Il faut dire que le genre y est assez nouveau. Outre que la femme d’un ministre, qui a été pendant sept ans à la tête des affaires de l’Empire, devait naturellement s’attendre à être plus critiquée qu’une autre, il est certain que le public anglais est moins habitué que le nôtre à cette littérature spéciale des « Souvenirs. » C’est une des choses dont l’étranger nous accorde le monopole. L’entreprise avait de quoi surprendre un public peu accoutumé à ce genre d’écrits. Mme Asquith a le don et le talent d’écrire. Après la chasse à courre, ce qu’elle préfère au monde, c’est la littérature. Elle a même essayé du roman. Le « journal » est la marque de la vocation de l’écrivain, auquel il manque pourtant la faculté de créer. Celui de Margot Asquith, comme il est ordinaire, n’était pas un secret pour quelques amis particuliers. L’auteur l’avait communiqué à Henry James. M. John Morley, cet homme d’un goût si fin, lui écrivait, après une consultation semblable : « Vous m’avez fait un immense plaisir. Votre livre est un exemple brillant de ces études de caractères où la France nous est tellement supérieure. Il ne tiendrait qu’à vous d’être notre Sévigné et, si j’étais un éditeur, je ne manquerais pas de vous offrir la fortune et la gloire. »

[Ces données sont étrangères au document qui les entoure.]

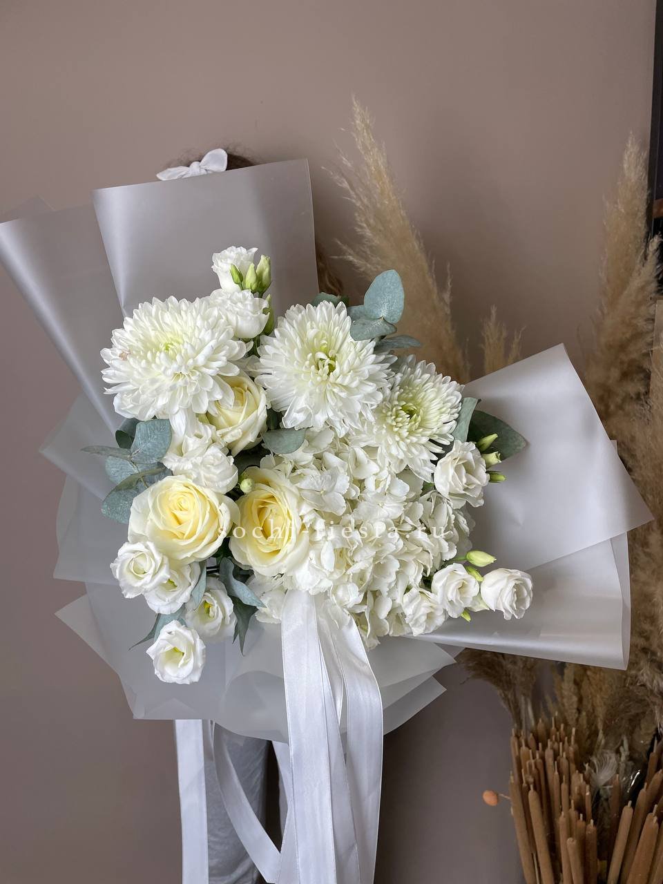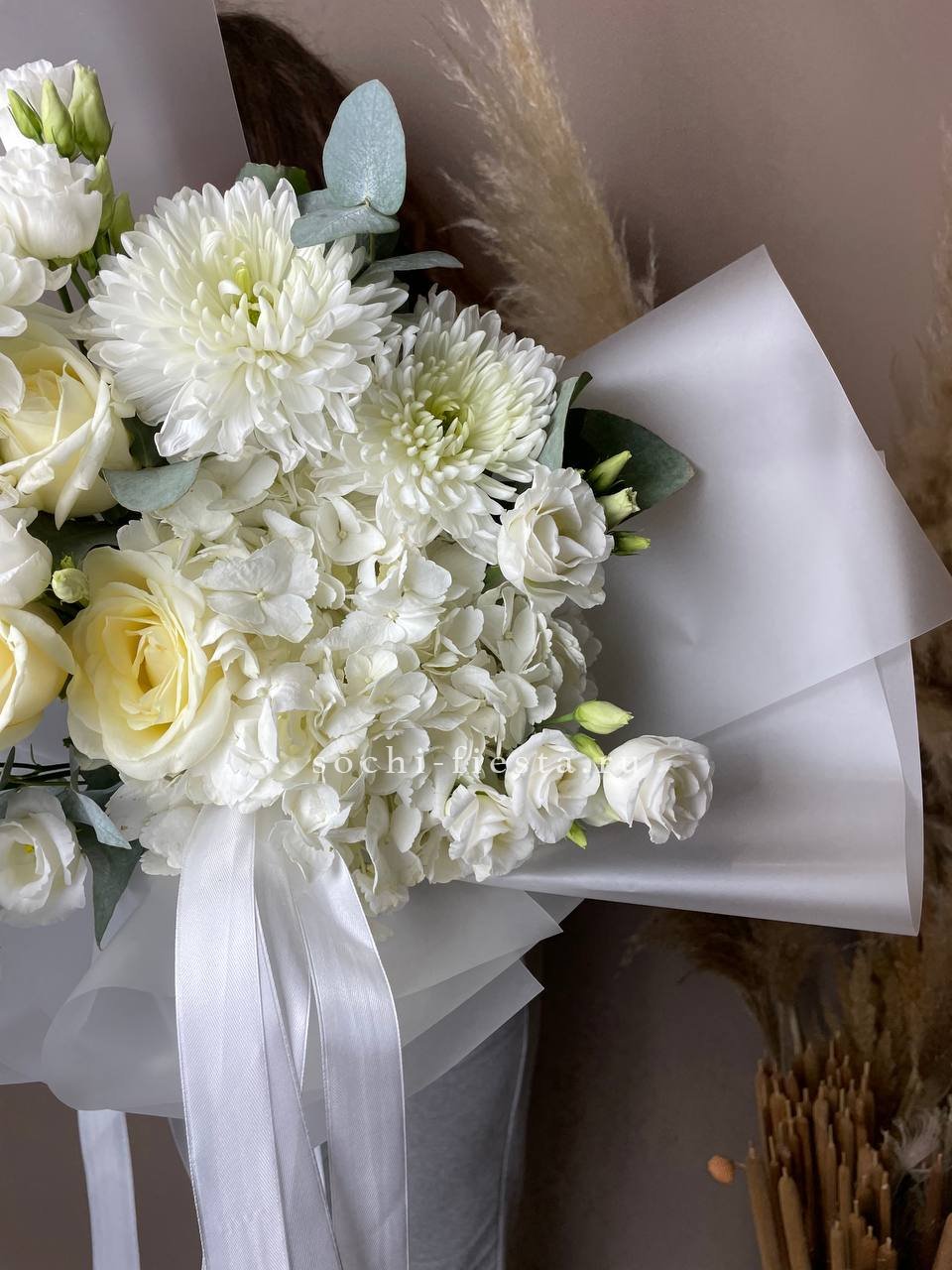 Воздушные соцветия лагуруса создают мягкую дымку вокруг роз и хризантем. Букет собран с ощущением лёгкости и простора, словно морской бриз коснулся каждого лепестка.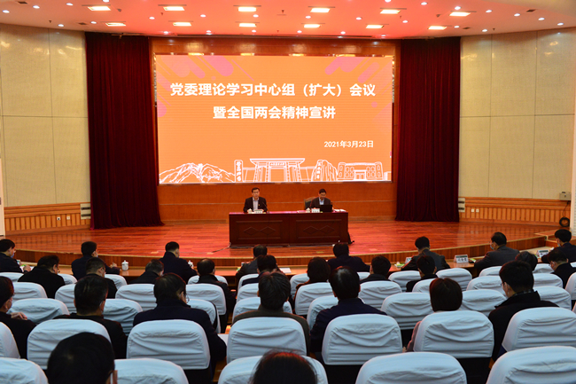 3月23日,学校召开党委理论学习中心组(扩大)会议,专题传达学习2021年全国两会精神。党委书记徐剑波主持会议,要求全校师生深入学习贯彻习近平总书记在全国两会期间的重要讲话精神,深刻理解贯穿其中的马克思主义立场观点方法和蕴含其中的新理念新思想新战略,树牢“四个意识”、坚定“四个自信”、做到“两个维护”,进一步提振发展信心,坚定目标方向,以更加扎实的工作举措为“十四五”开好局、起好步,在冲击国家一流学科、建设高水平大学进程中迈出坚实步伐。全国人大代表、校长张宪省作全国两会精神的宣讲报告。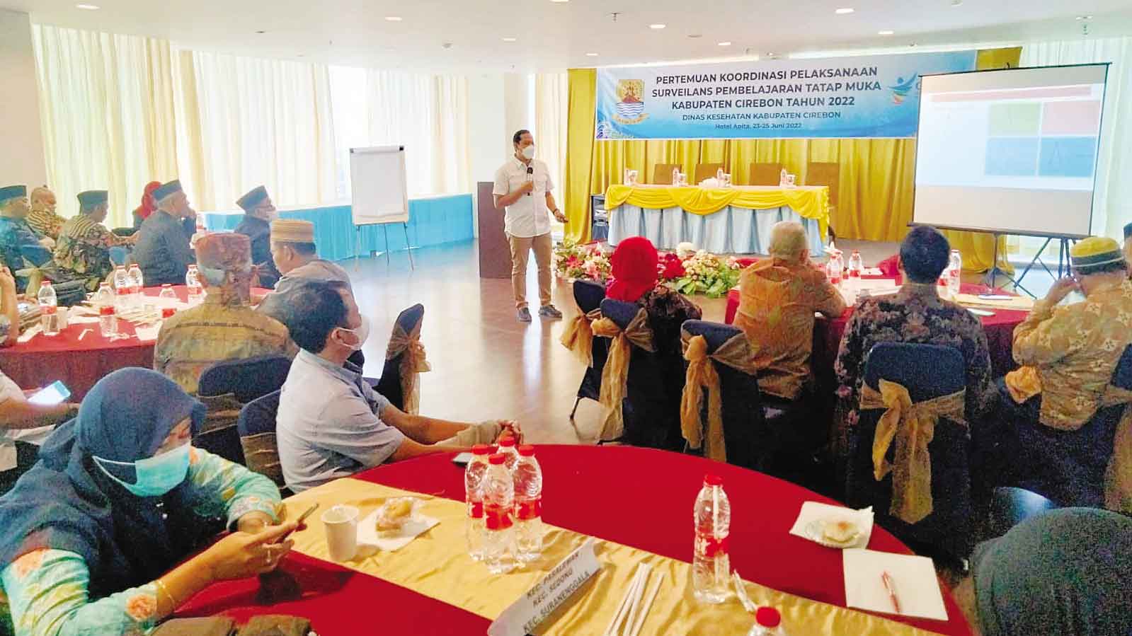 Hal tersebut disampaikan Kepala Dinas Kesehatan Kabupaten Cirebon, dr Hj Neneng Hasanah melalui Sub Koordinator bidang Surveilans, Dendi Hamdi usai menggelar pertemuan Koordinasi Pelaksanaan Surveilans Pembelajaran Tatap Muka (PTM) di Kabupaten Cirebon, Sabtu (25/6/2022).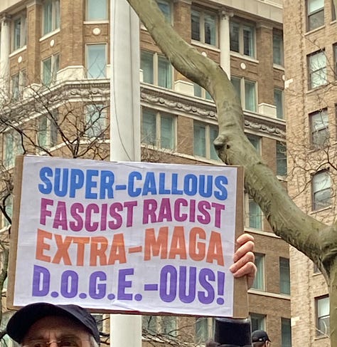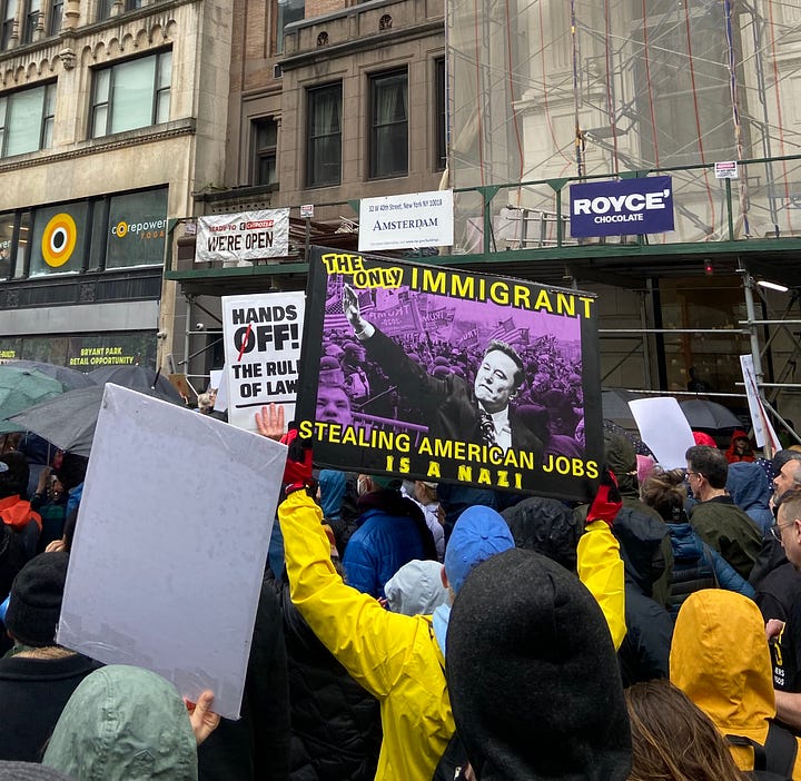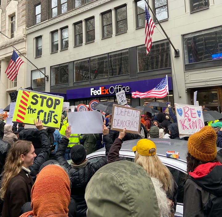 It’s hard to think of a topic that wasn’t captured by a sign, a collection of poster board to match the constant stream of executive orders and cuts passed since January.2 The cynic in me harped on the ease of a collective afternoon stroll that didn’t require many people to miss work or sacrifice much beyond art supplies, a Saturday afternoon, and the ability to stay dry. The main disruption was to anyone in a car or on a bike trying to go across town, and the blasting car horns and exasperated u-turns made it clear that unwilling sacrifices were made.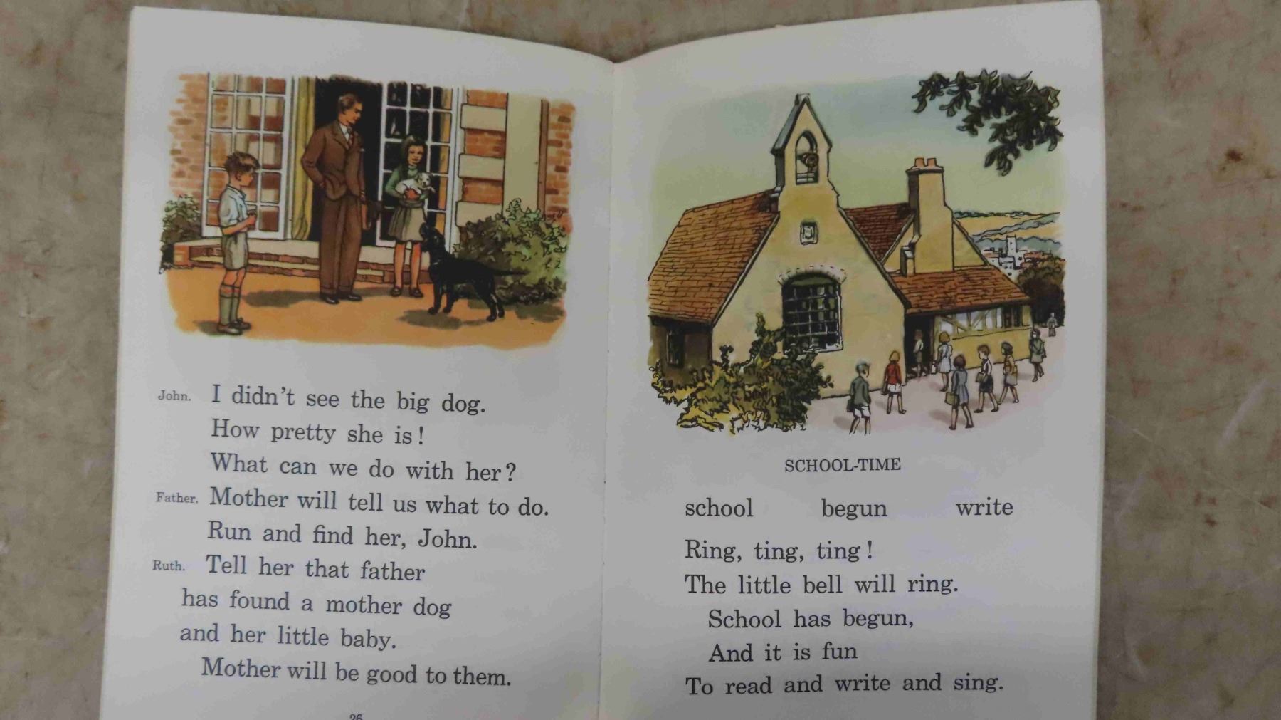 7 Early Readers Including Dick + Janes ; We Come We Go, fun with Dick + Jane, (2) Come with Us , (2) Bebe+ Marie + Jean, My Little Blue Story Book, At Play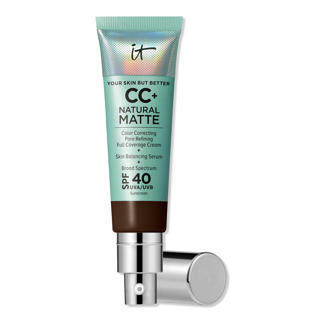 IT Cosmetics CC+ Natural Matte with SPF 40: A mattifying, full-coverage foundation, serum, and SPF 40 sunscreen for oily/combination skin. Clinically proven to reduce shine, improve texture, and boost overall skin quality in 8 weeks.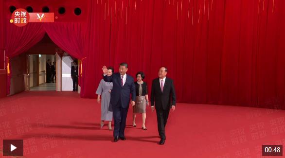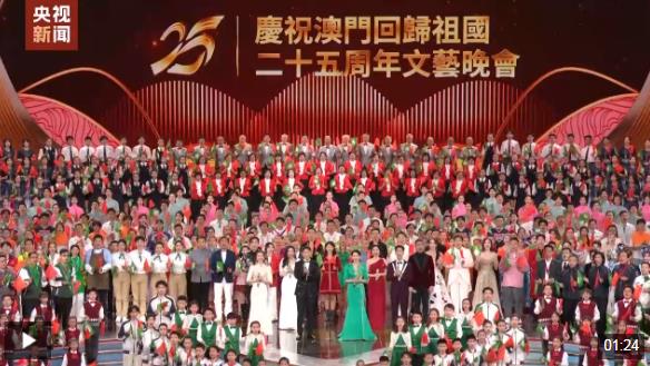 晚會最后,習近平同全場觀眾一起高唱《歌唱祖國》,祝愿偉大祖國繁榮富強,祝福澳門明天更加美好。習近平向全體演員和觀眾揮手致意,晚會氣氛被推向高潮,歌聲和掌聲匯成歡樂的海洋。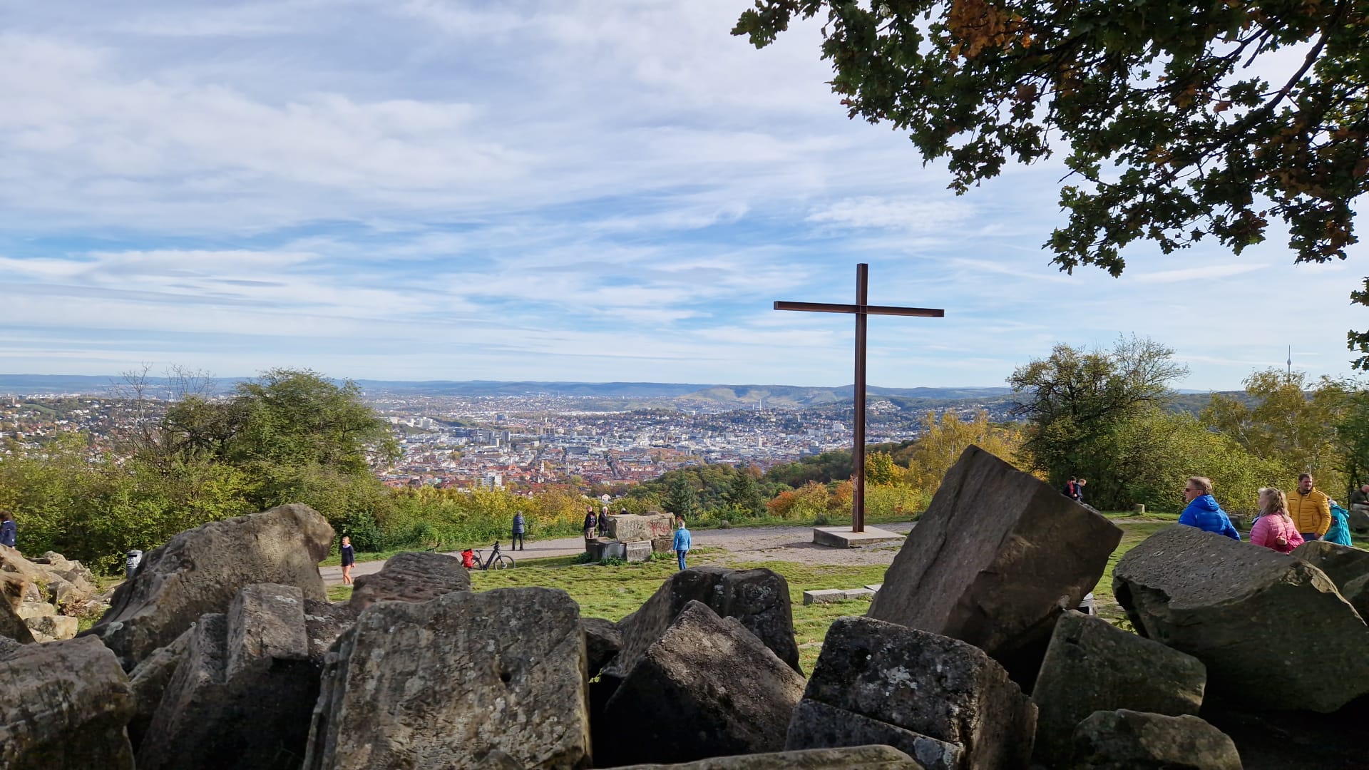 bergab zum ersten schönen Ausblick auf Stuttgart-Heslach und die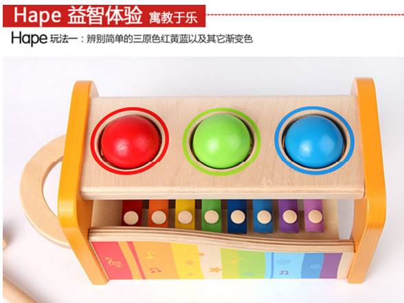这款玩具有8色8音阶,让宝宝试着通过颜色去区分音阶,从中感受色彩与音色的艺术张力。榔头可双面敲击,以实现不同的功能。扁的一面是拿来敲小球的,另一圆面试敲木琴的。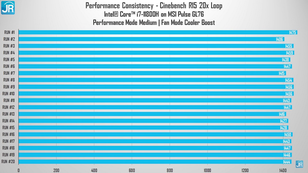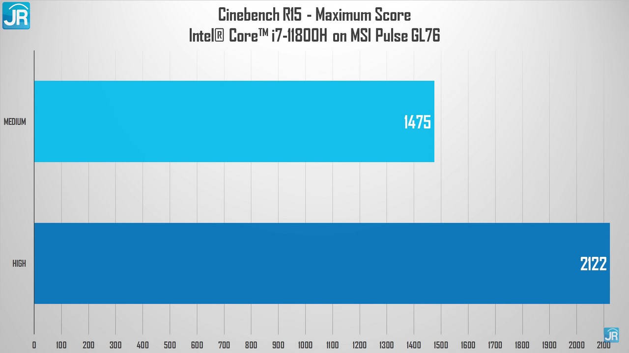 - Di mode Medium, terlihat bahwa skor tertinggi yang dapat diraih oleh Intel Core i7-11800H berada di 1475 poin

Il faut, dans ces jugements, faire la part de l’amitié. On est cependant surpris que M. John Morley n’ait pas fait une remarque essentielle. Beaucoup de femmes chez nous ont écrit leurs Souvenirs : on n’en voit guère (hormis certaines professionnelles) qui les aient publiés de leur vivant. Nous sommes moins délicats aujourd’hui. La vie est devenue plus brutale et plus dure. Je pense que l’autour s’est résigné sans trop de peine à choquer l’opinion.